We apply this approach to maximal generalized \(\delta \)-palindromes in each of the considered metrics (see the classic result from [14] for the Hamming distance and Lemma 10 for the edit distance) to obtain the following result.

Theorem 11

The Generalized Maximal \(\delta \)-Palindromic Decomposition with Gaps problem under the Hamming distance or the edit distance can be solved in \(\mathcal {O}(n\cdot (g+ \delta ))\) time and \(\mathcal {O}(n\cdot g)\) space.

Example 12

Consider the following stringFootnote 1 of length 92:

GGACTCGGCTTGCTGAGGTGCACACAGCAAGAGGCGAGAGCGGCGACTGGTGAGTACGCCAAATTT

TGACTAGCGGAGGCTAGAAGGAGAGA

We have used our implementation of the algorithm from Theorem 11 to compute the decomposition of the string into maximal complemented 3-palindromes of length at least 14 under the edit distance with at most 4 gaps (\(g=4\), \(\delta =3\), \(m=14\)) with the minimal total gap length:

figure d

The gaps are given in square brackets.
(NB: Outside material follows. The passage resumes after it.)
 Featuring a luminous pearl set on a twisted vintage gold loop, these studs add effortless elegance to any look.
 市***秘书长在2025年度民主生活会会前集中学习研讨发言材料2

Edit operations are underlined, with deletes additionally given in italics. The gaps have total length 32.

In comparison, the optimal decomposition of this string under the Hamming distance with the same parameters (\(g=4\), \(\delta =3\), \(m=14\)) uses four gaps of total length 46.

6 Conclusions

We have presented two algorithms for finding palindromic decompositions: one allowing gaps and the other allowing both gaps in the decomposition and errors in palindromes. The first algorithm shows that (somewhat surprisingly) Fici et al.’s algorithm [8] for finding an exact palindromic factorization can be extended to handle gaps, a constraint on the palindromes length, and complements in palindromes as well. In the second algorithm we decompose a string into maximal palindromes with errors; the most involved part here was computing all such maximal palindromes under the edit distance.
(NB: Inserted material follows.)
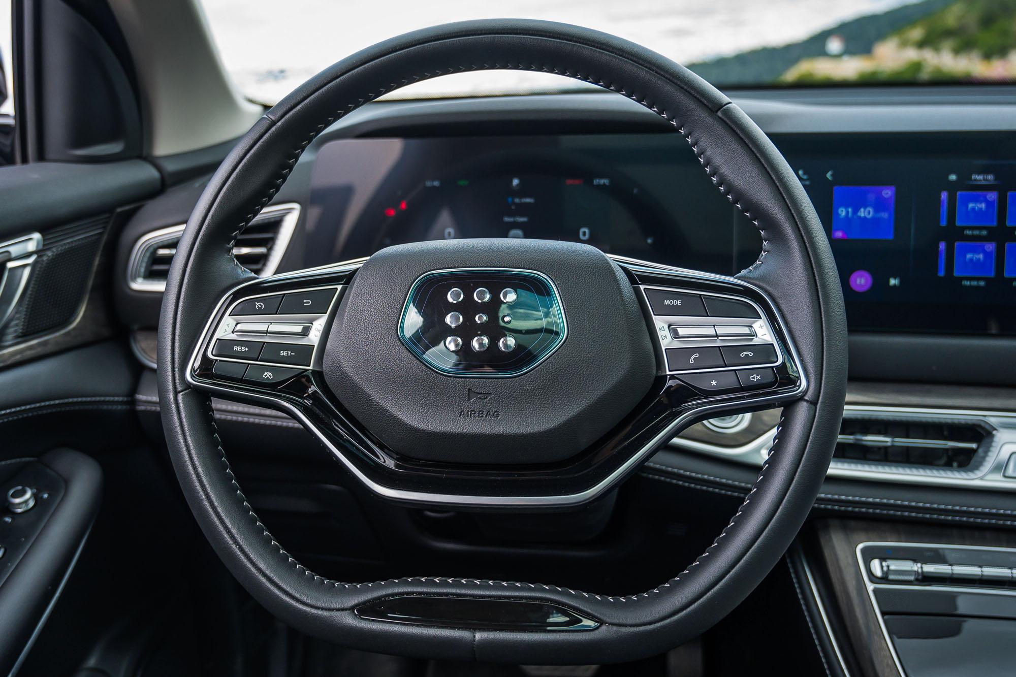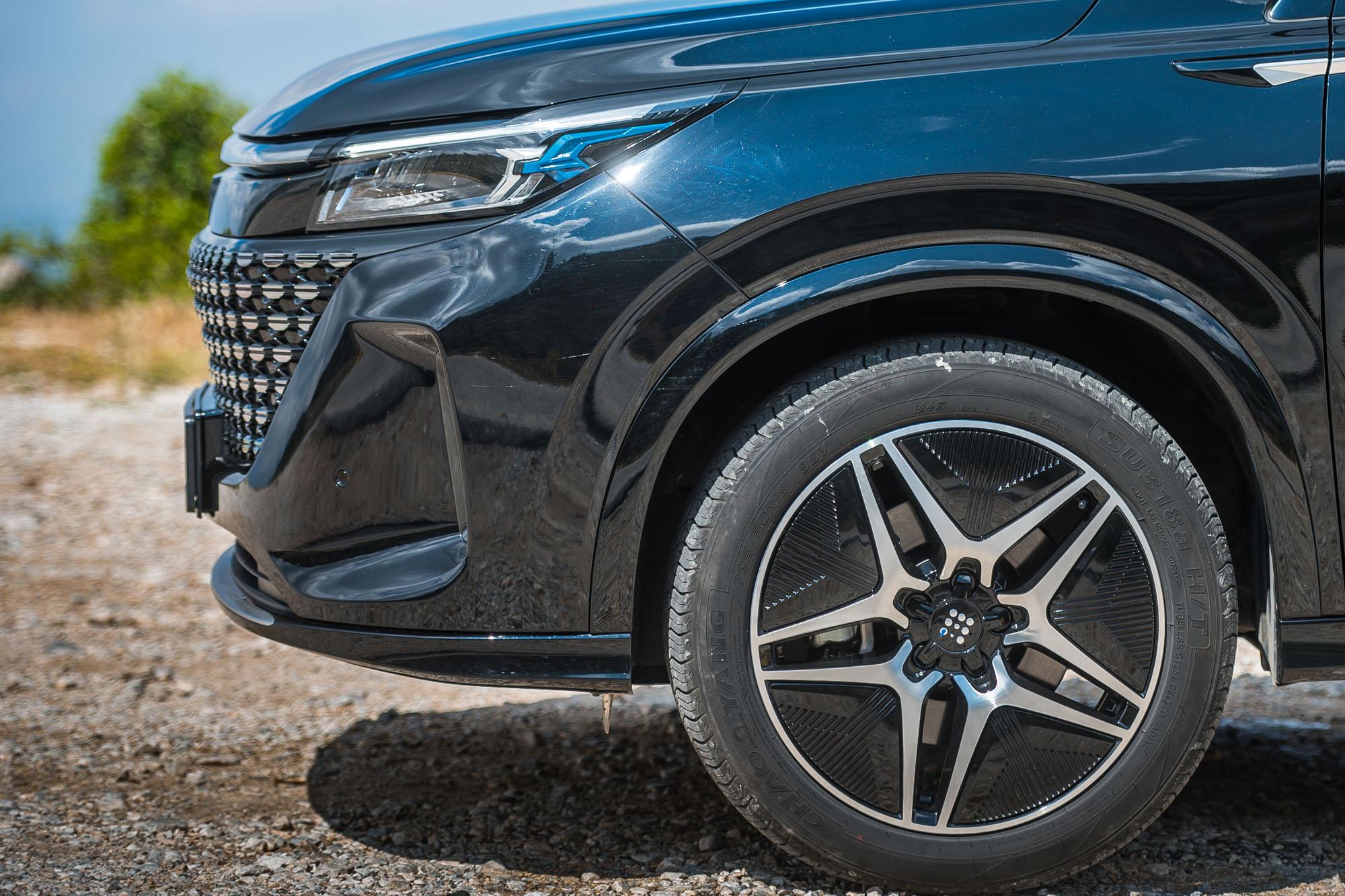 Οδηγικά, το E5 είναι ξεκάθαρα εστιασμένο προς την άνετη και οικονομική μετακίνηση. Η ανάρτηση είναι σχετικά μαλακή για PHEV SUV βάρους 1,8 τόνων και μπορεί να τα καταφέρνει καλά στο φιλτράρισμα των ανωμαλιών, όμως επιτρέπει γενναίες κλίσεις από το αμάξωμα, ιδιαίτερα αν δεν είσαι γλυκός με το τιμόνι. Μόνο ορισμένες ξερές αντιδράσεις σε έντονες ανωμαλίες χαλούν την γενικότερα καλή εικόνα της ανάρτησης, κάτι στο οποίο σίγουρα δεν βοηθούν και τα μέτρια ελαστικά (235/50) της Chao Yang. Το κιβώτιο E-CVT είναι ομαλό στη λειτουργία του και αποφεύγει το ανέβασμα των στροφών ψηλά, κάτι στο οποίο αρέσκονται αντίστοιχα κιβώτια. Στο τέρμα γκάζι, η ισχύς επαρκεί απόλυτα, με την επιτάχυνση 0-100km/h να απαιτεί 7,4sec (παραδόξως η τελική είναι περιορισμένη χαμηλά στα 165km/h), όμως το γενικότερο setup της ανάρτησης, το ελαφρύ και μέτριο σε πληροφόρηση τιμόνι, το «αυστηρό» ESP και τα ελαστικά που απογοητεύουν με την πρόσφυσή τους θα σε κάνουν να μειώσεις γρήγορα ρυθμό και να κινηθείς με «οικογενειακούς» ρυθμούς. Τα φρένα είναι ικανοποιητικά σε απόδοση, αλλά το πεντάλ θέλει εξοικείωση κάτι που ισχύει στα περισσότερα ηλεκτρικά και plug-in hybrid.

In the problems that were defined in the beginning, the objective was to minimize the total length of gaps, allowing a certain number of gaps. However, the approaches that were presented in this paper can be used to solve different variants of the problems, like minimizing only the total number of gaps or maximizing the total length of palindromes, regardless of the number of gaps.

An open question is to efficiently compute decompositions into palindromes that may contain errors and are not necessarily maximal. This problem seems to be hard, as \(\delta \)-palindromes do not have such a strong combinatorial structure as palindromes without errors.